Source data

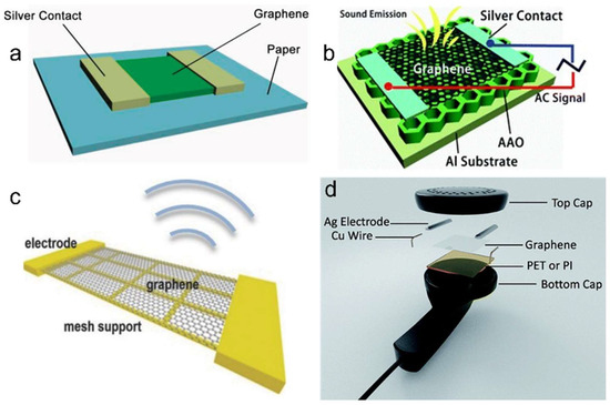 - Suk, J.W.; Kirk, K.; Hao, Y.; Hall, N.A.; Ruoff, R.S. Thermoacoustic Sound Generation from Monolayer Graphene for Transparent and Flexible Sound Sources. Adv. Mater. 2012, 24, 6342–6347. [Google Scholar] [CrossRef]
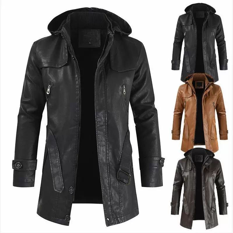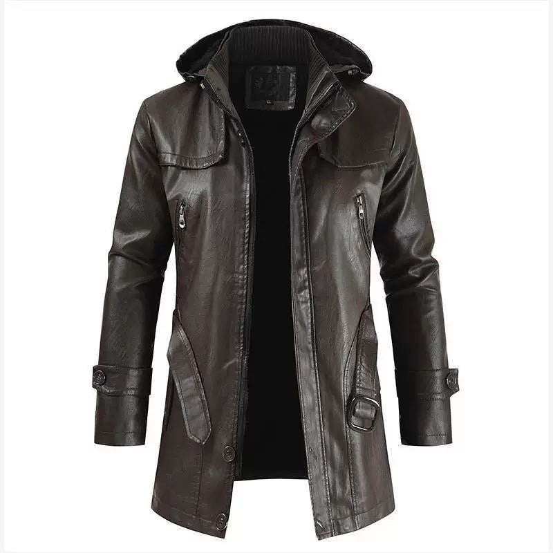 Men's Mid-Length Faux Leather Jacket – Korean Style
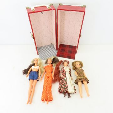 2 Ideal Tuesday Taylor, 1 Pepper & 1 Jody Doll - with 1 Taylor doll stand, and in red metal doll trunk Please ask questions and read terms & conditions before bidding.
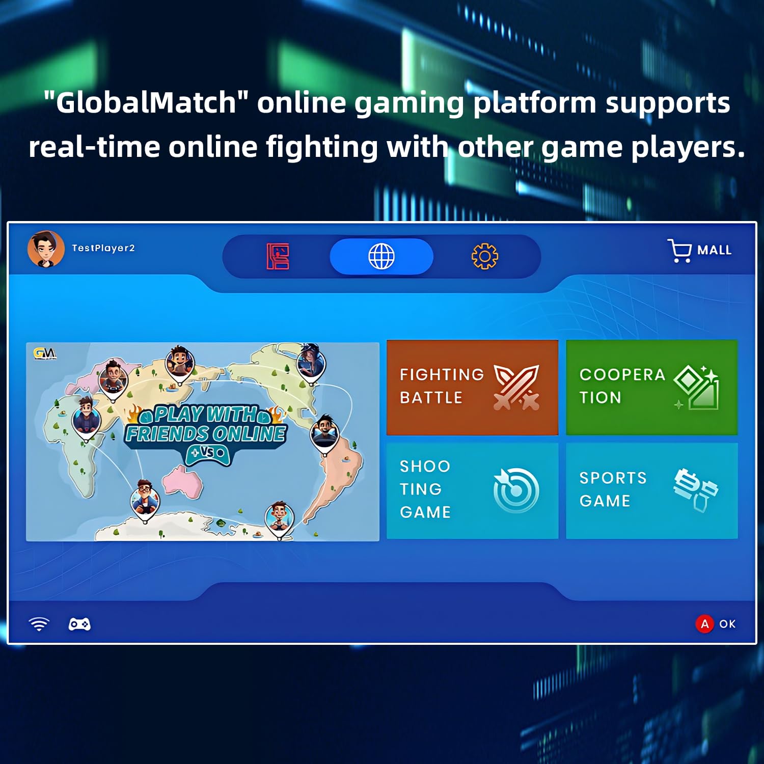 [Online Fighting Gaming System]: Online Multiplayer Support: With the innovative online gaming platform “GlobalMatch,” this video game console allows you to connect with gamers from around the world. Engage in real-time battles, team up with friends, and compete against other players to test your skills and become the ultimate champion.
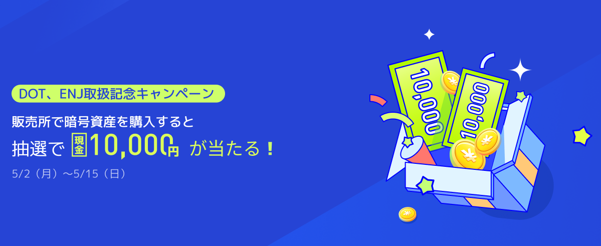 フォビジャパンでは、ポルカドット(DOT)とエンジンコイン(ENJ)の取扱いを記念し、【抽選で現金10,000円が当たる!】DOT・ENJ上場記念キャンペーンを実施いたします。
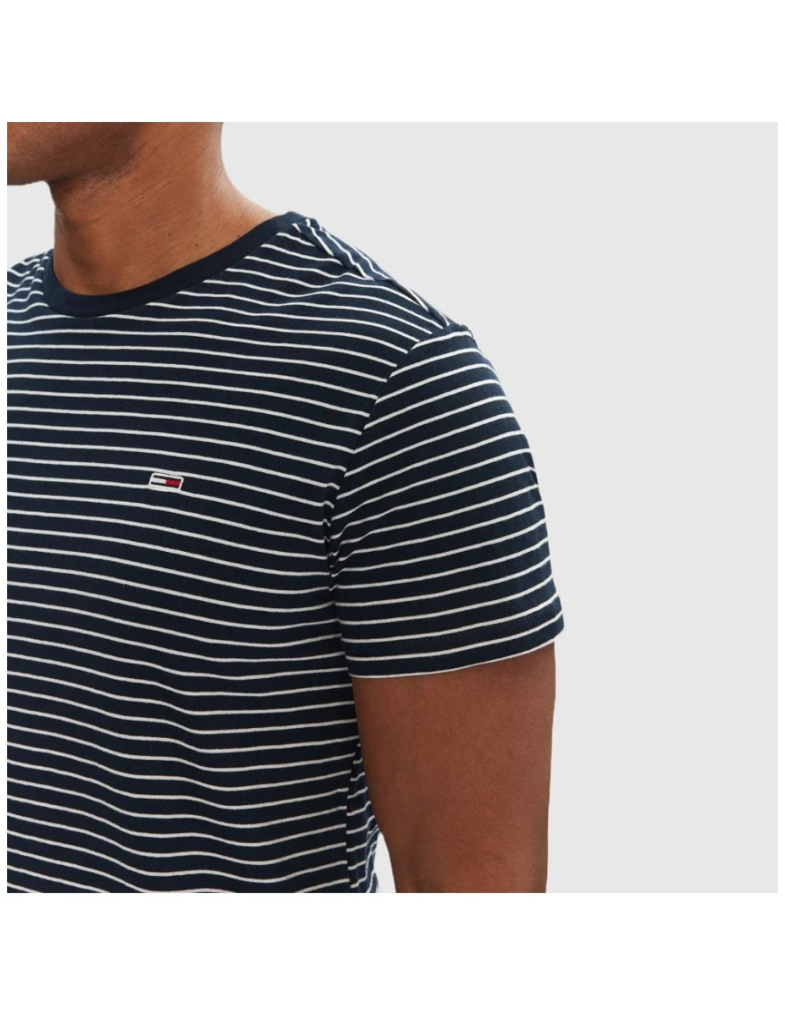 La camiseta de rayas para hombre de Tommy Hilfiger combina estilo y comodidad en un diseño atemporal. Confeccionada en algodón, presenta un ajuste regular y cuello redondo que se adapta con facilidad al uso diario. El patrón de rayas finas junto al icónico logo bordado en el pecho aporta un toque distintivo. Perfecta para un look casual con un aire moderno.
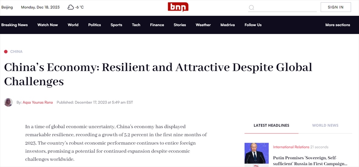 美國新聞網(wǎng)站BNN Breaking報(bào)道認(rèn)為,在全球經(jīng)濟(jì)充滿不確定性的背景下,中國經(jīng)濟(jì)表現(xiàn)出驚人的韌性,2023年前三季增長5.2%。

__Brief__.
Without the pictures, copy out all the records above exactly.

__Answer for this exercise__.
 - Suk, J.W.; Kirk, K.; Hao, Y.; Hall, N.A.; Ruoff, R.S. Thermoacoustic Sound Generation from Monolayer Graphene for Transparent and Flexible Sound Sources. Adv. Mater. 2012, 24, 6342–6347. [Google Scholar] [CrossRef]
 Men's Mid-Length Faux Leather Jacket – Korean Style
 2 Ideal Tuesday Taylor, 1 Pepper & 1 Jody Doll - with 1 Taylor doll stand, and in red metal doll trunk Please ask questions and read terms & conditions before bidding.
 [Online Fighting Gaming System]: Online Multiplayer Support: With the innovative online gaming platform “GlobalMatch,” this video game console allows you to connect with gamers from around the world. Engage in real-time battles, team up with friends, and compete against other players to test your skills and become the ultimate champion.
 フォビジャパンでは、ポルカドット(DOT)とエンジンコイン(ENJ)の取扱いを記念し、【抽選で現金10,000円が当たる!】DOT・ENJ上場記念キャンペーンを実施いたします。
 La camiseta de rayas para hombre de Tommy Hilfiger combina estilo y comodidad en un diseño atemporal. Confeccionada en algodón, presenta un ajuste regular y cuello redondo que se adapta con facilidad al uso diario. El patrón de rayas finas junto al icónico logo bordado en el pecho aporta un toque distintivo. Perfecta para un look casual con un aire moderno.
 美國新聞網(wǎng)站BNN Breaking報(bào)道認(rèn)為,在全球經(jīng)濟(jì)充滿不確定性的背景下,中國經(jīng)濟(jì)表現(xiàn)出驚人的韌性,2023年前三季增長5.2%。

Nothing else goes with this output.